Oil and gas companies mobilize from the ground up in a changing West

  • Direct mailer sent out by Colorado Oil And Gas Association and Colorado Petroleum Association

Watch out! Bureaucrats want to protect prairie dogs and other wild animals at the expense of the already-faltering economy and jobs that sustain thousands of hardworking families like yours.

At least, that's the message broadcast this summer by Colorado's oil and gas industry in a PR campaign against a sweeping proposal for tighter controls on natural gas drilling in the state. In June and July, as the Colorado Oil and Gas Conservation Commission considered requiring stronger wildlife habitat safeguards, higher bonding amounts, more thorough notification of landowners, and setting new gas wells back from streams and public water sources, industry trade associations launched at least three rounds of full-page ads in daily newspapers around the state, as well as a spate of radio spots and at least three direct mailings to active voters.
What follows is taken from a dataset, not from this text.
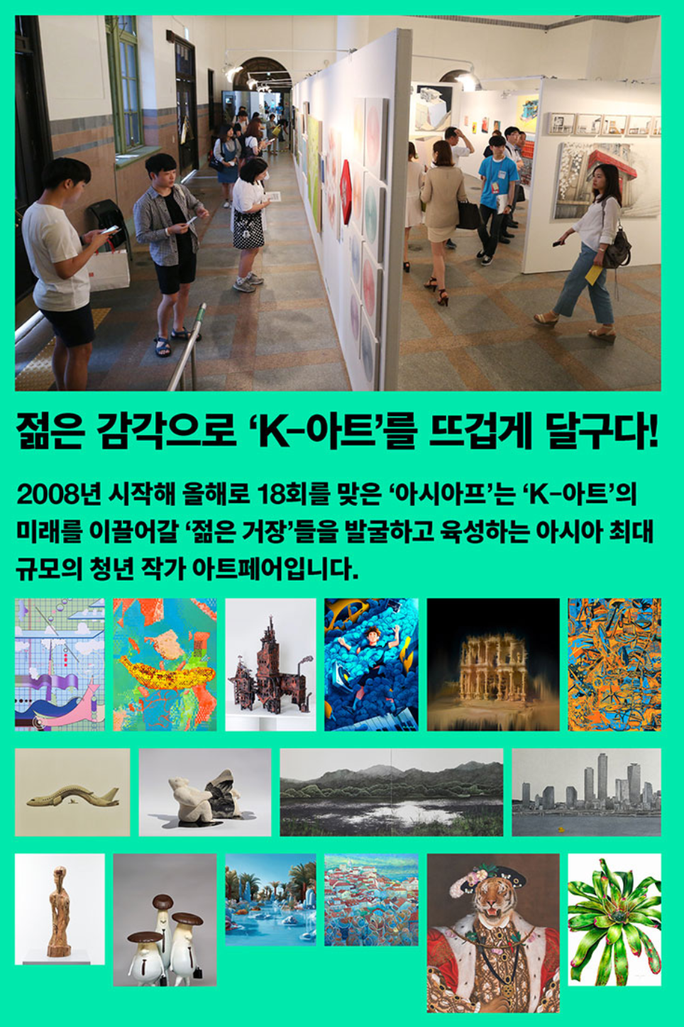 2008년 시작해 올해로 18회를 맞는 아시아프는 'K-아트'의 미래를 이끌어갈 젊은 거장들을 발굴하고 육성하는 아시아 최대 규모의 청년 작가 아트페어입니다.

Why the big PR push? "The rules really threaten the health of the industry" and the state economy, says Stan Dempsey of the Colorado Petroleum Association, which teamed with the Colorado Oil and Gas Association to fund the campaign. "We felt a significant number of people could lose their jobs and we wanted to communicate that."

But the strength and scope of the campaign suggests something more. "I don't think this is just about the rules. (Industry) doesn't sit where they did 10 or 20 years ago," says Colorado State University political science professor John Straayer, a longtime Capitol Hill observer. In Colorado, as in a handful of other Western states, the intensifying environmental and social impacts of the gas boom have helped turn the political tide against wholesale development. But there are still "an awful lot of people in this state whose perceptions are up for grabs," Straayer says. And with energy prices sky-high and the nation slumping into a recession, industry has a window of opportunity to win back their favor, at least in the short term.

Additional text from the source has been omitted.